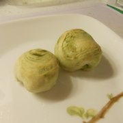 绿茶粉(油酥材料)、糖(油酥材料)、无盐黄油(油酥材料)、面粉(油酥材料)、面粉(水油皮材料)、水(水油皮材料)、无盐黄油(水油皮材料)、白砂糖(水油皮材料)、白砂糖、莲子。
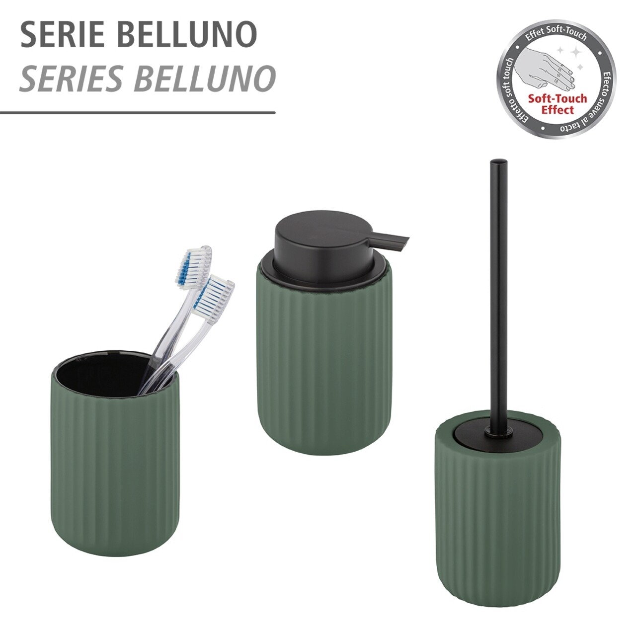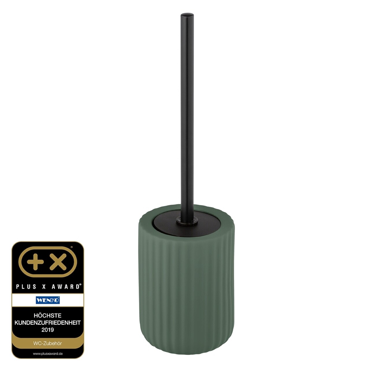 Perie pentru toaleta cu suport Belluno, Wenko, 11.5x42 cm, ceramica/inox, verde/negru
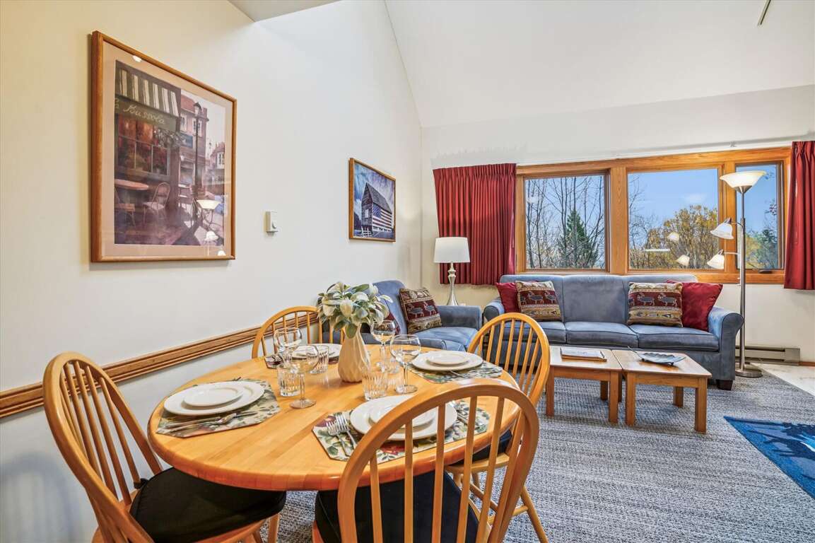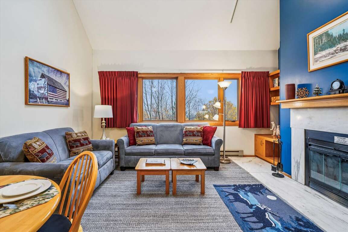 With an inviting living room featuring a wood-burning fireplace and a flat-screen TV, a fully equipped kitchen, and a dining area, the luxurious Highridge Condo Unit E10 offers a perfect blend of comfort and elegance for a memorable vacation experience.

* [TASK DIRECTIONS] The output has to match the data above line for line, except that pictures are dropped.

* [TASK RESPONSE]
 绿茶粉(油酥材料)、糖(油酥材料)、无盐黄油(油酥材料)、面粉(油酥材料)、面粉(水油皮材料)、水(水油皮材料)、无盐黄油(水油皮材料)、白砂糖(水油皮材料)、白砂糖、莲子。
 Perie pentru toaleta cu suport Belluno, Wenko, 11.5x42 cm, ceramica/inox, verde/negru
 With an inviting living room featuring a wood-burning fireplace and a flat-screen TV, a fully equipped kitchen, and a dining area, the luxurious Highridge Condo Unit E10 offers a perfect blend of comfort and elegance for a memorable vacation experience.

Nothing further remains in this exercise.